13 décembre 2019 - 16:16 |

La résilience alimentaire et nutritionnelle au Sénégal se renforce

Selon les premières conclusions livrées par la Banque africaine de développement (BAD), le Programme de renforcement de la résilience à l’insécurité alimentaire et nutritionnelle en milieu rural au Sénégal (P2RS) est une réussite. La Banque a financé ce programme depuis ses débuts, en 2015, et a permis d’aider une région touchée par la rareté de l’eau et la salinisation des terres. D’une valeur de $ 35,8 millions, le P2RS s'achève en juin 2020 et a contribué à l’édification d’une digue, de meilleures récoltes, au retour de la sécurité alimentaire et nutritionnelle et aurait généré de meilleurs revenus pour une partie de la population qui souffre du changement climatique, souligne la BAD dans un communiqué.

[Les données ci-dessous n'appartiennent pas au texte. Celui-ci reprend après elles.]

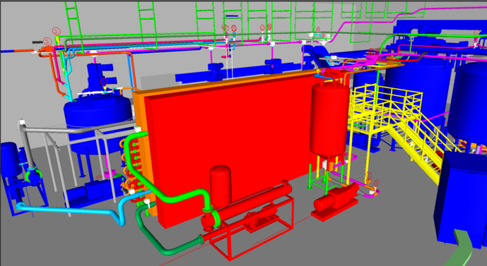 C&I was able to double production capacity with this plant expansion project. We provided detailed design engineering for the project as well as updating all files and P&IDs and performing a laser scan to set the basis for next steps. The laser scan allowed us to layout and modify the new equipment so that it would fit alongside existing equipment. We also set up the facility with the flexibility to switch piping to feed one line (old process) or two lines (new process) depending on their needs.
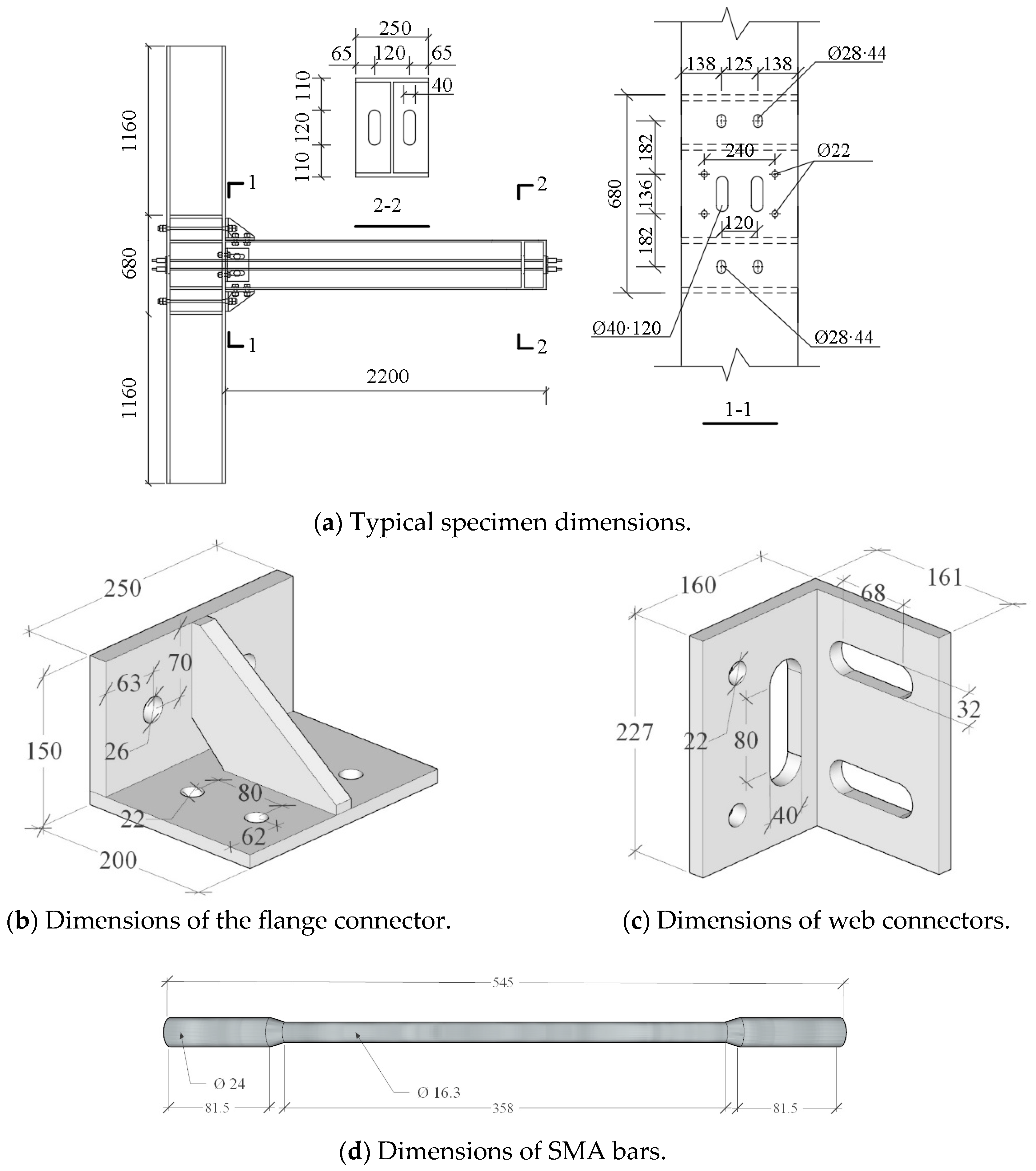 23. Mo, Z.; Feng, Q.; Lai, B.L.; Jiang, W.-Q.; Feng, Y. Resilient performance of super-elastic SMA bolted connection with extended end plate and shear tab. J. Constr. Steel Res. 2022, 199, 107626. [Google Scholar] [CrossRef]
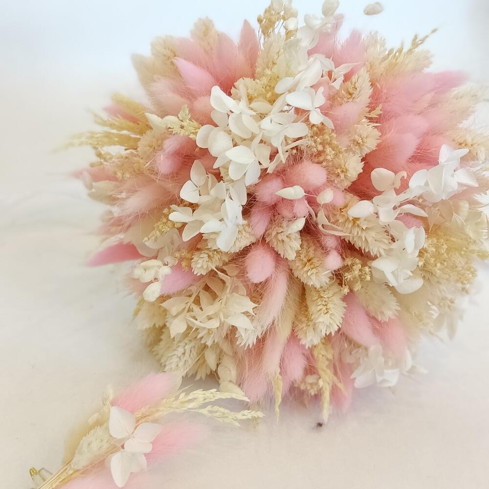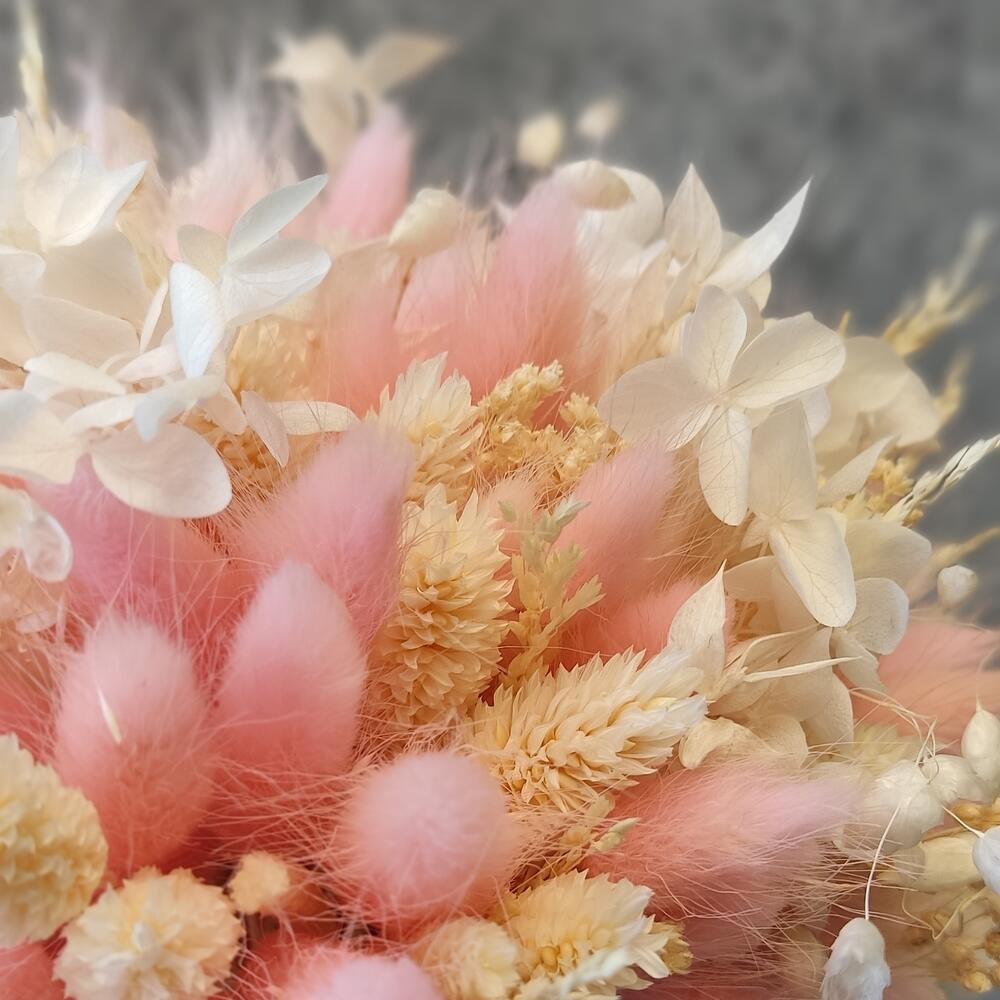 Лента атласная – 1 шт.Колоски – 40 шт.Лента органза – 1 шт.Фаларис – 70 шт.Бриза – 20 шт.Лагурус розовый – 70 шт.гортензия стабилизированная – 1 шт.лагурус нежно розовый – 70 шт.
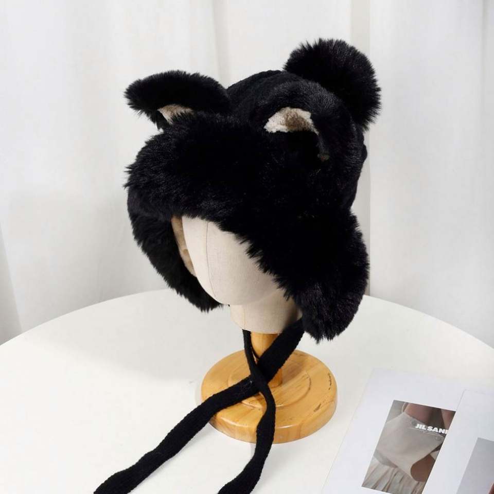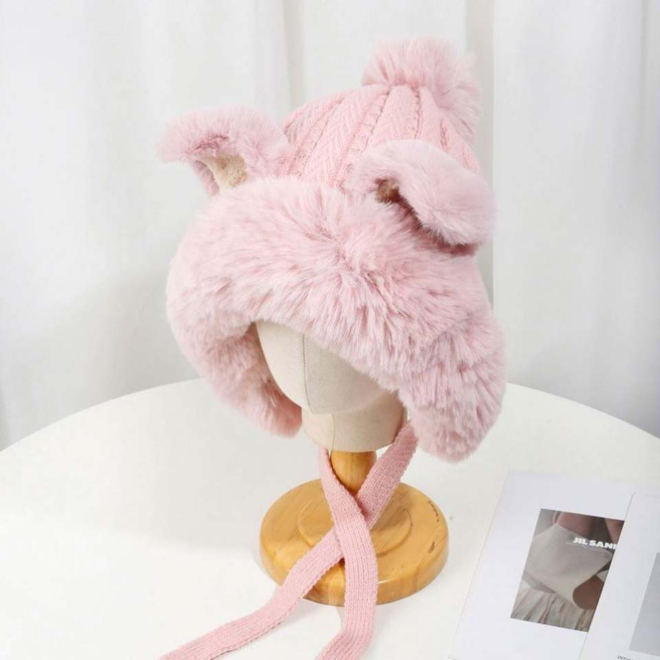 หมวกบีนนี่อุ่นๆ สำหรับฤดูหนาว พร้อมหูฟ็อกซ์ - หมวกไหมพรมลายการ์ตูนสัตว์น่ารัก หมวกปอมปอม หมวกไหมพรมสำหรับผู้หญิง
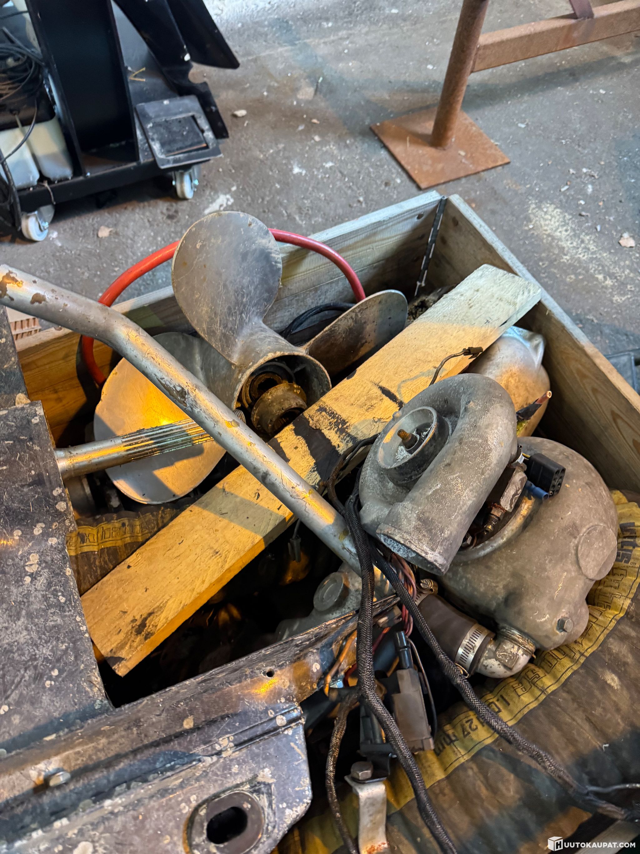 Moottori puuttuu. Muutoin ehjä. Seisonut 2 vuotta sisällä hallissa ja vuoden ulkona katoksessa. Vanha vene, käytön jälkeä on. Ikäisekseen kohtuu kuntoinen vene.
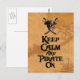 Parody of the popular keep calm and carry on quotation, but for Pirates! Keep Calm And Pirate On. Pirate Skull and crossed swords with a vintage pirate map of the Florida Keys background.
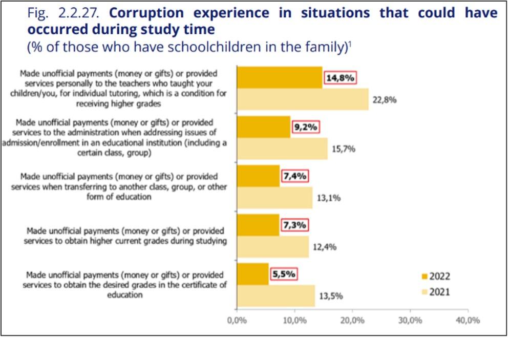 Respondents to a 2023 survey of persons working in the wider education sector overwhelmingly agreed with the sentiment that corruption needed to be addressed in the sector, but that this would be difficult in light of the Russian full-scale invasion and socio-economic conditions (Hasiuk et al. 2023).

« 31 points d’eaux pastoraux (mares, puits et mini-forages) ont été aménagés, quatre marchés à bétail ont été construits et sont fonctionnels ; 35 magasins de stockage et 24 plateformes multifonctionnelles ont été réalisés et sont opérationnels », peut-on lire.

Face aux faibles précipitations qui ont fait remonter le sel dans les cultures et qui ont provoqué la salinisation des terres, le P2RS a rempli 93 % de ses engagements jusqu’à aujourd’hui. On compte 1382 ha de terres exploitées et protégées de la salinisation. Ainsi, 88 % des terres du programme sont aménagées (1979 ha), 331 ha de périmètres maraichers ont été réalisés.

Concernant l’élevage, le projet a permis l’introduction de 3 654 têtes de petit ruminants et de 4 122 têtes de volailles, destinés à plus de 2 000 ménages vulnérables. Le projet a permis l’obtention de 3,5 tonnes de semences de qualité, ainsi que des formations. Si bien que la production de céréales a presque triplé en 6 ans, passant de 13 190 tonnes en 2012 à 37 500 tonnes en 2018. D’autre part, la production maraichère s’envole : de 157 tonnes en 2012, elle atteint cette année 13 337 tonnes. En outre, le projet aura contribué à la préservation des ressources naturelles grâce au reboisement de 724 ha de forêts, se félicite encore la BAD.

La réhabilitation des terres dégradées est une actualité qui touche l’ensemble de la région ouest-africaine. On observe des initiatives à l’échelle nationale, comme nous l’avons observé le mois dernier- au Burkina Faso (lire : Restauration de 200 ha de terres dégradées au Burkina Faso), et à plus grande échelle.  

Rappelons que la semaine dernière, la FAO se penchait sur la redéfinition des terres arides tant elles recouvrent 6,1 milliards d’hectares, soit 41 %, de la surface terrestre de la Terre. On compte parmi les 6,1 milliards d’hectares de terres arides, 1,1 milliard d’hectares (18%) de forêts (Lire : La FAO s’interroge sur une redéfinition des terres arides).